A yacht was wedged under the historic
colonnaded front of what had been the home of America’s only
confederate president, Jefferson Davis, now a museum. Caretakers were
marooned upstairs.

A Biloxi resident took me to the space that
had once been his home. A few inches of brick pilings were all that
remained. The circular Trade Winds restaurant on the seafront seemed
miraculously untouched until you stepped inside. It was rimmed out like
a lemon grater. Not a nail on the wall.

Behind it, 10-foot waves
had crashed into a sixstorey hotel. When terrified guests, sheltering
in their rooms, stole out afterwards a car was floating in the lobby.
The hotelier told me a house was in the grounds that hadn’t been there
before.

Townspeople were swept into trees and found battered and
exhausted the following day. A National Guard man told me he had picked
up the body of an elderly priest who would not leave his home. His
neck, arms and legs were broken.

In Gulfport three large cargo
ships were swept onto the beach. Hurricane Camille sank or grounded 94
vessels in the Mississippi. Nine seagoing ships were blown ashore.

Many
local fishermen and working families, who could not afford insurance,
lost everything. Some searched the ruins of their homes. Others could
not find one brick on top of another.

Refugee centres occupied
churches, schools and public buildings where the Red Cross and
Salvation Army distributed what rags of clothing they could muster.
Food and water were in short supply.

President Nixon declared the
entire Mississippi coast a disaster area. Later he did the same with
flood-ravaged Virginia. There were fears of tetanus and typhoid, and
explosions from fractured gas mains. Refugees were inoculated and
counselled not to drink water from the usual sources.

As with
Hurricane Katrina, rescue workers discovered bodies lashed together, a
desperate but futile attempt to survive. In the foundations of one
apartment block 23 were found dead.

National Guardsmen were
ordered to have no mercy on looters and bring in offenders “dragging or
standing. They’re just grave robbers”.

Much of the Gulf Coast was
a ghost town. But I did not encounter any other journalist, nor meet
anyone who had. The agencies had been active, probably relying on local
stringers.

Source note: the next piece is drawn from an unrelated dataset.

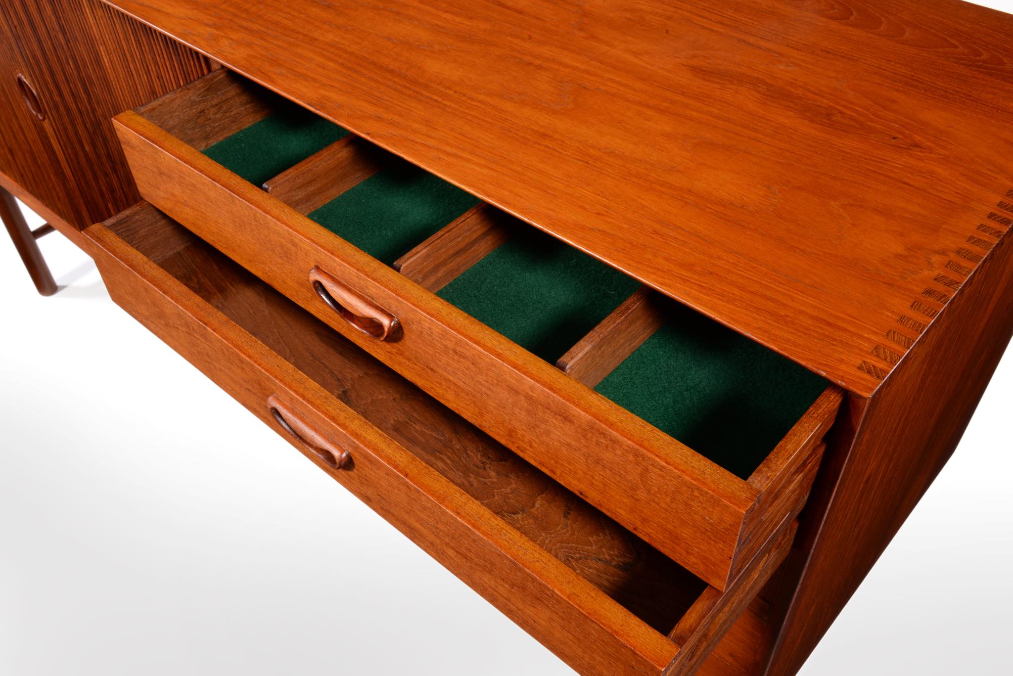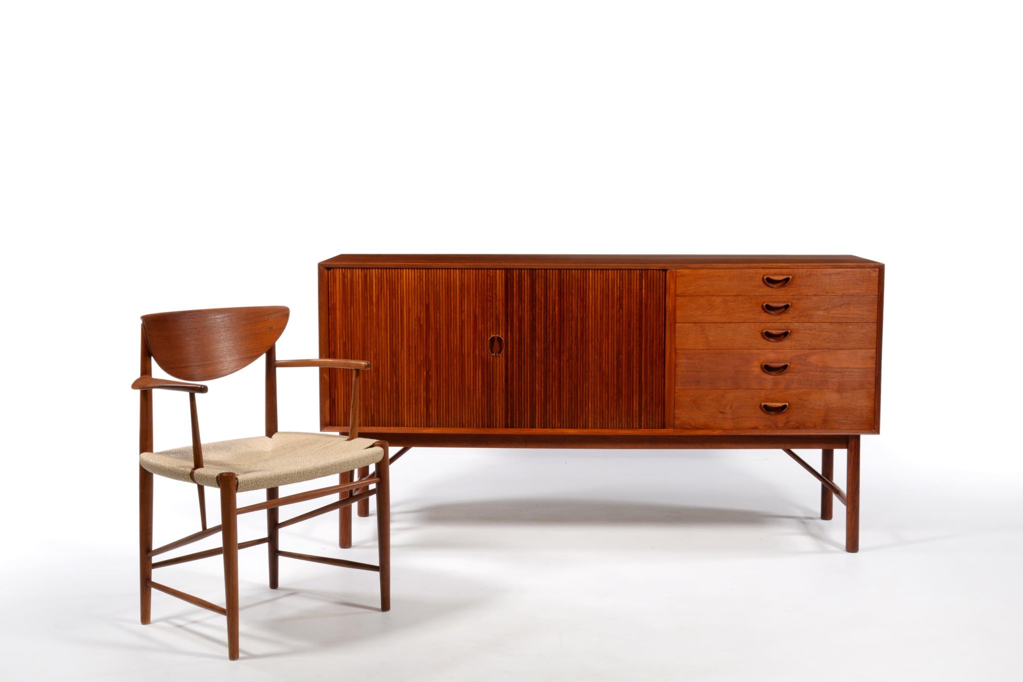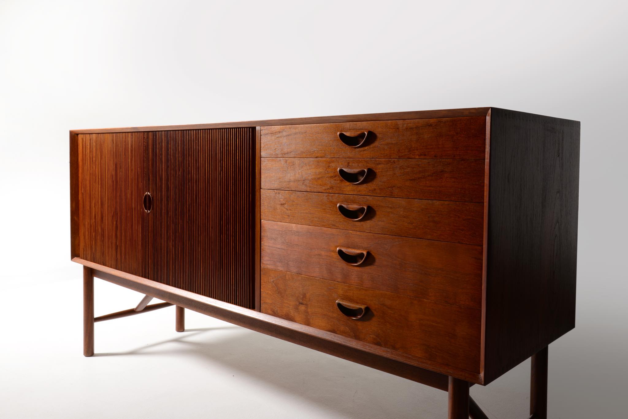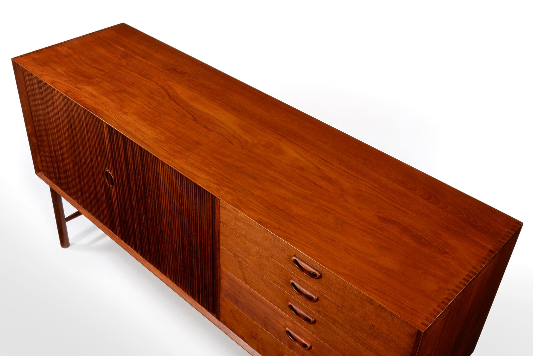 1950年代に活躍したデンマークのデザイナーユニット、Peter Hvidt/ピーター・ヴィッツとOrla Mølgaard Nielsen/オルラ・ミュルゴー・ニールセンによるサイドボードキャビネットです。チークの無垢材をふんだんに用いた、非常に贅沢な作りのサイドボードです。抽斗とロールフロント(蛇腹式の扉)の構成となり、ロールフロントは扉を開けた際にドア板が側面から背後にかけて隠れるように回りこみながら収納されるので空間の邪魔になりません。一部小傷の補修などございますが、とても綺麗な状態です。

But even in the late Sixties it was becoming apparent that
America’s newsmen from the major papers did not seem to venture far
into the hinterland of their own country.

The rescuers of
Camille’s victims struck me as committed and compassionate. I heard
none of the criticism of relief efforts now voiced over Katrina’s
rampage.

The catastrophe in New Orleans, of course, is of a
different dimension. Built beside the Gulf, in a basin between Lake
Pontchartrain and the Mississippi, it has always been vulnerable to
flooding. But ample advance warnings were sounded. Complacency must be
a factor, especially in a region accustomed to hurricanes and
bureaucracy.

The intro I wrote to my piece from Biloxi seems less
than prescient: “It will be a long time before anyone here forgets the
vicious, capricious Hurricane Camille.” Nearly four decades on memories
are shorter than I anticipated and past lessons unlearned.